Yes (but a better viewpoint regarding gravity affecting you is below). While in the air you are floating and the frame around you (that is, an imaginary box surrounding you with respect to which you are at rest) is a free-float frame.

Obvsiouly gravity is still acting on you because you come back down, but the trick is then to establish a frame around you where--relative to the frame--gravity does not affect you?
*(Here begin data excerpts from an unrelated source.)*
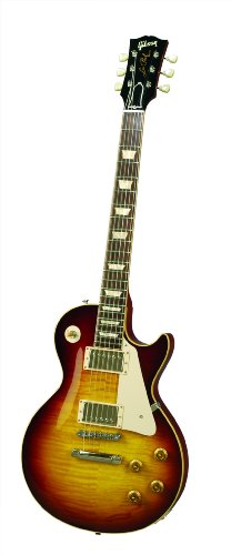 The 1959 Les Paul Standard reissue produced today by Gibson Custom is true to all of the original instrument's features and characteristics, including Gibson's traditional hand-carved "figured" maple top and solid, non-weight relieved mahogany body. The headstock is made from Holly head veneer, as opposed to fiber, just like it was in 1959, and the vintage-style tulip tuners are mounted in a straight line, also as they were on the original. The 24 3/4-inch scale length neck is made from one solid piece of mahogany, and attached to the body using a long neck tenon--one of the Les Paul's more distinguishing characteristics of the 1950s. The neck is topped by a 22-fret rosewood fingerboard outfitted with acrylic trapezoid inlays matching the size and color of the originals. Of course, two of Gibson's legendary Burstbucker pickups deliver all the subtle variations of true, classic "Patent Applied For" humbucker tone by using historically "unmatched" bobbin windings and Alnico II magnets. Other historical appointments include CTS potentiometers, bumble bee capacitors, rolled creme-colored fingerboard binding, single-ply creme-colored binding around the body, and a period-correct thin toggleswitch washer and jackplate. The 1959 Les Paul Standard comes in either a V.O.S. or Gloss finish, and with the standard Gibson Custom case, custom care kit and certificate of authenticity. They are available in Faded Tobacco Burst, Washed Cherry Burst and Iced Tea Burst.
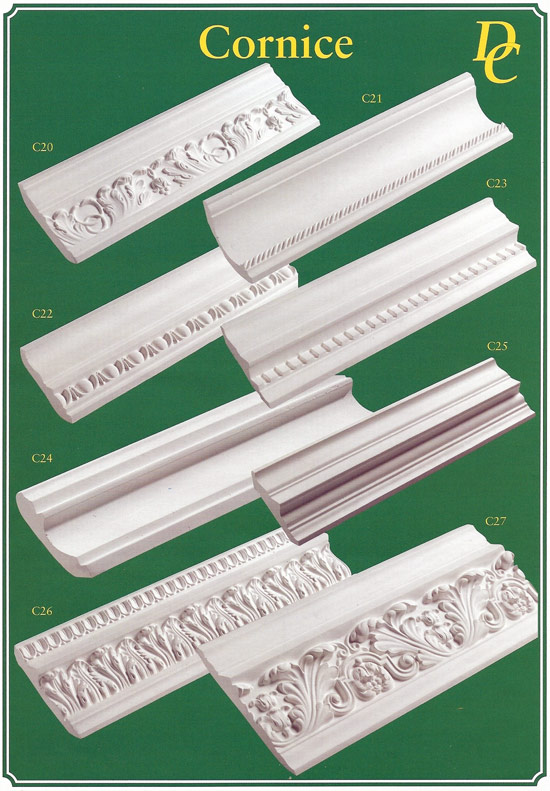 A sample of some cornices off the shelf. We have many more cornices to suit most areas.Beespoke cornices made to customer’s requirements and re-matching of original cornices and mouldings is our speciality. Browsing our website shows many examples of work carried out. ![]() A sample of some cornices of the shelf. Some fairly simple some a little more decorative. Most of our cornices come in 3mtr lengths and can be supplied or supplied and fitted. Prices on application. ![]() |
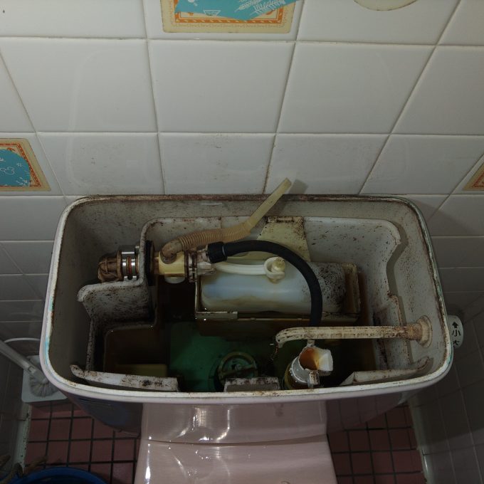 築50年の現場でトイレのフロートバルブチェーンが切れて流せなくなり、フロートバルブのゴムが劣化し水漏れもしており、ボールタップの劣化している状況でした。
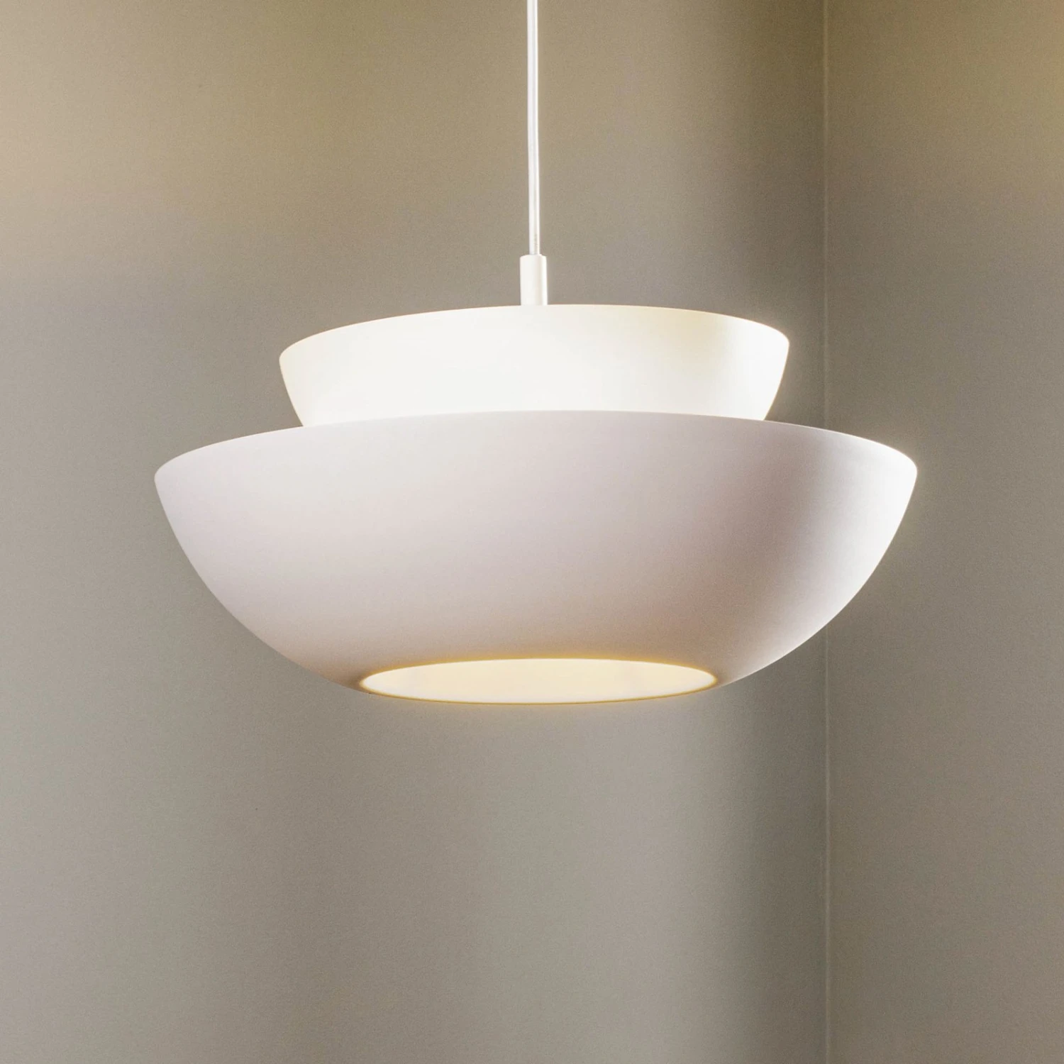 Designorientierte Hängelampe Kellina mit einem stilvollen Doppelschirm

You got it. You say “gravity is still acting on you” yet contradictorily “gravity does not affect you”. Let’s clean that up. You pushed off the trampoline to move away from the Earth, took no further action (began floating), and the Earth met you again. Then the Earth must have moved to reclaim you. When you want to go somewhere by car, you must initially accelerate to push the car there. And sure enough, while planted on the Earth we feel an upward acceleration, a push. How can the Earth push upward in all directions and not expand in size? Imagine that space itself accelerates inward toward the center of the Earth, while the surface of the Earth stays in place. Now the surface is accelerating through space like your car accelerates through space, but the Earth does not expand. With this viewpoint, gravity acts on you/affects you while you float no more than does some passing accelerating rocket, which is to say it does not. Since gravity does not affect your frame, special relativity applies within. You’ll eventually be reclaimed by the Earth because the space in which you float is going in that direction. But space is moving inward only so fast at each altitude, the higher the altitude the lesser inward velocity, so if you move outward fast enough (escape velocity) you’ll escape meeting the Earth, like coasting on a bicycle against a decelerating walkway.
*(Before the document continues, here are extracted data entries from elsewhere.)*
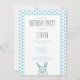 Cute blue boy's 1st birthday party invitation with blue bunny rabbit design let's your guests know that some bunny is turning one! All the first birthday party details can be easily customised on the back of baby boy 1st birthday invitation.
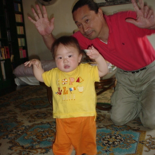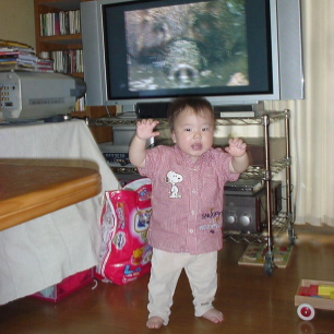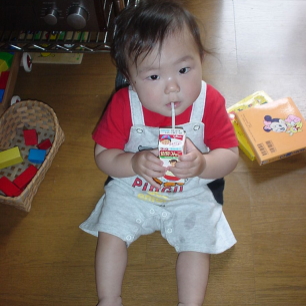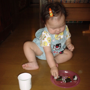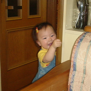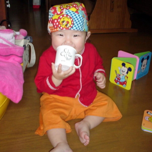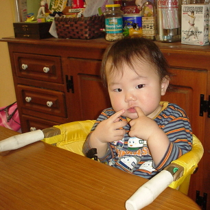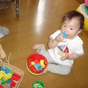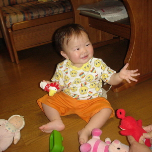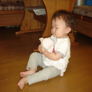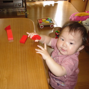 イスに登ってモノを取ろうとしたり、私を追って、階段を上ったり・・・。すっごい行動範囲が広くなってしまった。アンヨも歩くというより、激走に近いので、勢い余って転んだり、ぶつかったりで、ぱるぱるの体は青タンだらけ。決して私が幼児虐待をしているわけではありません。(笑) そんなに度胸があるなら、お外でのアンヨなんて簡単なはずなのに、お外じゃ、いまだに歩けないの。公園にせっせと通って、他のチビッコを見せているんだけどね。
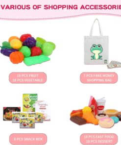 【Super Value Grocery Set】Including a toddler shopping cart, 15 fruit, 18 vegetables, 14 fast food, 10 dessert, 6 snack box, 7 fake money and a shopping bag. A value pack of play supermarket toys set for toddlers 3+.

With this viewpoint, gravity affects and acts on the space (or technically spacetime) in which you float, but not you per se. In general relativity a key idea is: Spacetime tells mass how to move; mass tells spacetime how to curve. To paraphrase: The spacetime in which you float moves you toward the Earth; the Earth tells spacetime how to move toward the Earth. When you accelerate because the spacetime in which you float accelerates, you do not feel an acceleration; this is gravitational acceleration. A caveat is the tidal force mentioned above.
 
Last edited:
shibbysan said:
So even though gravity is affecting you you're in free float for the time in the air (in regards to the "frame" around you)? Obvsiouly gravity is still acting on you because you come back down, but the trick is then to establish a frame around you where--relative to the frame--gravity does not affect you?

Let's go from a trampoline to a more ambitious implementation of the same idea. Astronauts-in-training, generally curious peopole, and movie-makers have all made use of the "Vomit Comit", a plane that follows a free-fall parabolic trajctory.

Like the person on the trampoline while he is in the air, people in the plane experience weightlessness.

You can imagine people in the plane carrying out physics experiments. They would set up a "frame" (probably it would be better to call it a coordinate system, because the word "frame" has a lot of extra baggage that doesn't necessarily apply) with which they could do measurements. The people in the plane would find that Newton's laws hold (well, there would be some very tiny effects due to tidal forces). In this coordiante system, there would be no gravity (except for the very small tidal forces I mentioned). The equations of motions in this coordiante system would be just

m x'' = fx, my'' = fy, mz'' = fz, where the double-prime represents the second derivitive, i.e. x'' = d^2x/dt^2.